From the data below, return only the lines from the one with "X says Wife: My" through the one with "Summary: This paper", exact and inclusive, with pictures left out.
++++ Input records
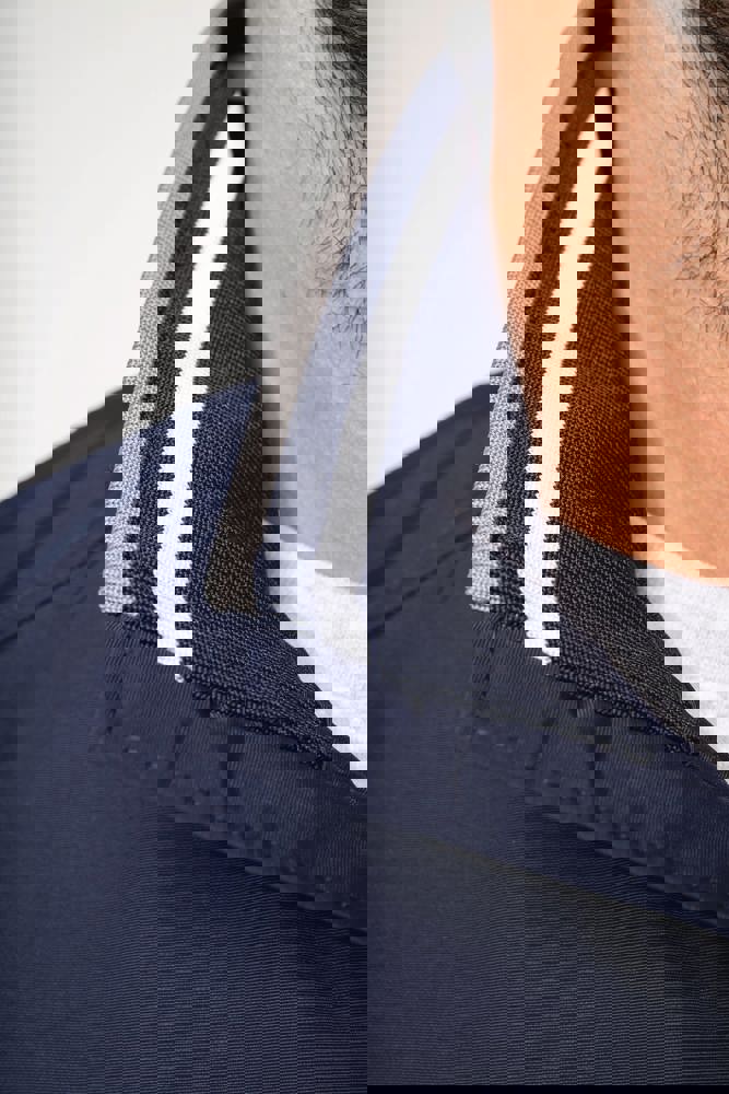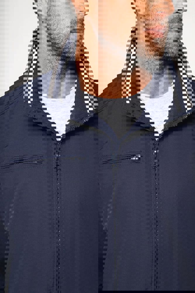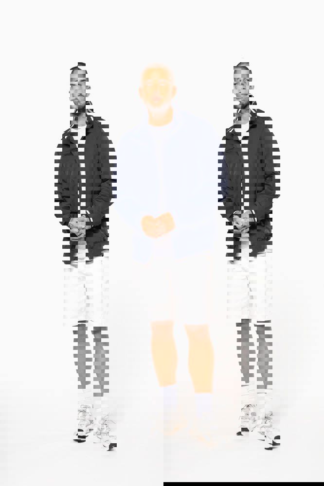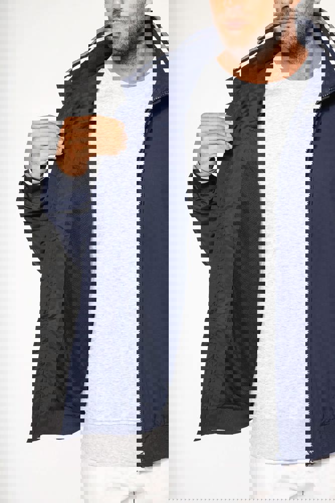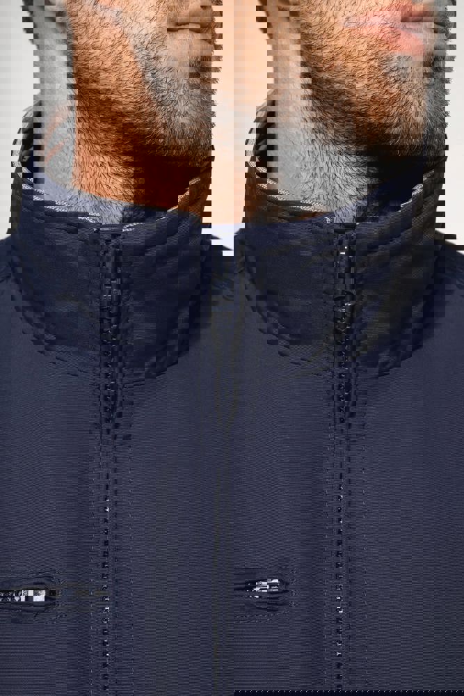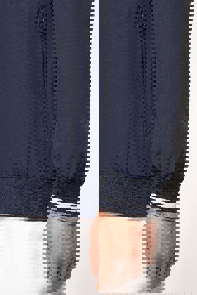 100% Poliammide Taslon Ottoman. Fodera in rete 100% Poliestere. Tessuto resistente. 2 tasche con zip sul davanti. 1 tasca con zip sul petto. 1 tasca interna. Interno collo e polsini a costine con strisce in contrasto di colore. Fodera in rete con accesso zip per facilitare la personalizzazione. Girovita in costina.
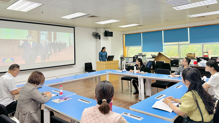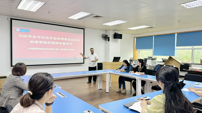 最后,吴莉莉老师带领大家全面学习贯彻习近平总书记关于宣传思想文化工作的重要论述。她结合专业教学与思政工作,分享如何在课堂教学与论文指导中教育学生拥有文化自信的成功经验。
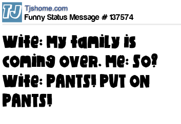 X says Wife: My family is coming over. Me: So? Wife: PANTS! PUT ON PANTS!
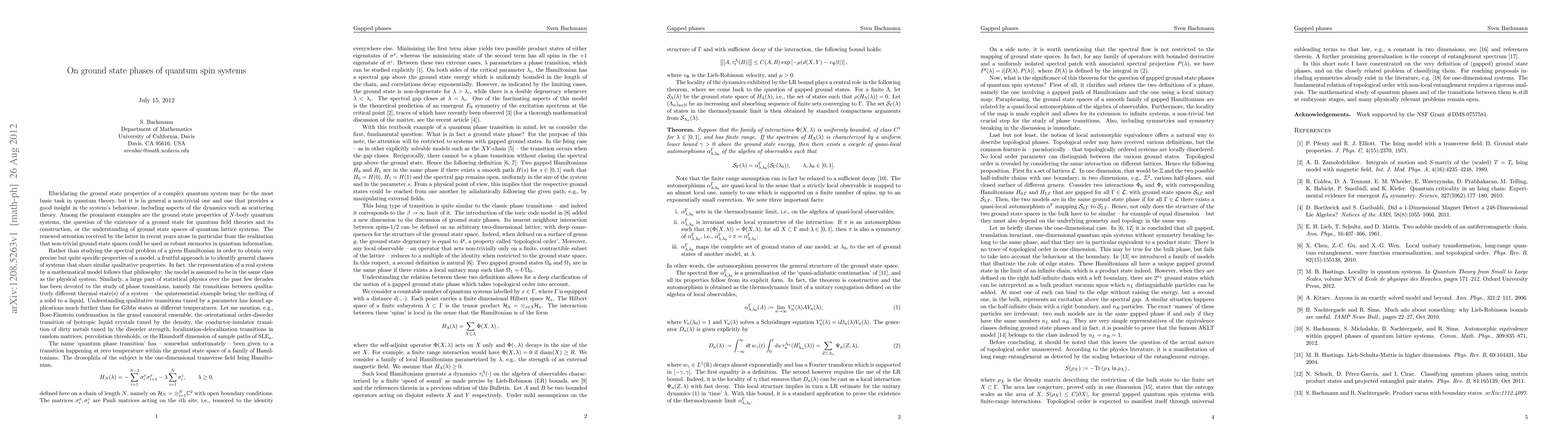 Summary: This paper reviews recent findings on gapped ground state phases of quantum spin systems, emphasizing the concept of topological order and its implications for understanding the underlying quantum phases.
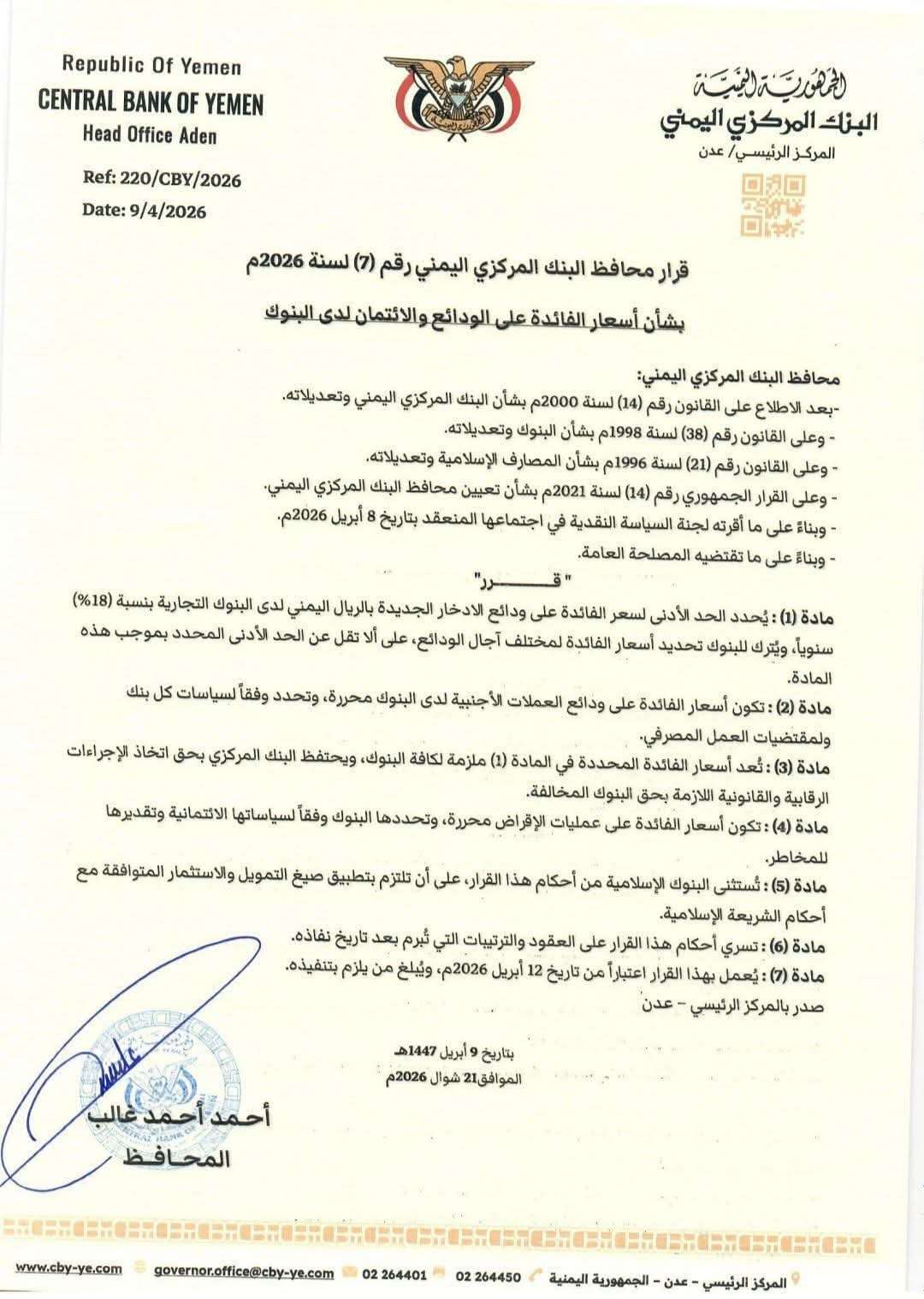 علّق الصحفي ماجد الداعري على قرار محافظ البنك المركزي القاضي بتحديد الحد الأدنى لنسبة الفائدة على ودائع الادخار الجديدة بالريال اليمني لدى البنوك التجارية بنسبة 18% سنوياً، مع إلزام البنوك بتطبيقها، إضافة إلى تحرير أسعار الفائدة على الودائع بالعملات الأجنبية.
++++++++
▸ **Solved problem**:
 X says Wife: My family is coming over. Me: So? Wife: PANTS! PUT ON PANTS!
 Summary: This paper reviews recent findings on gapped ground state phases of quantum spin systems, emphasizing the concept of topological order and its implications for understanding the underlying quantum phases.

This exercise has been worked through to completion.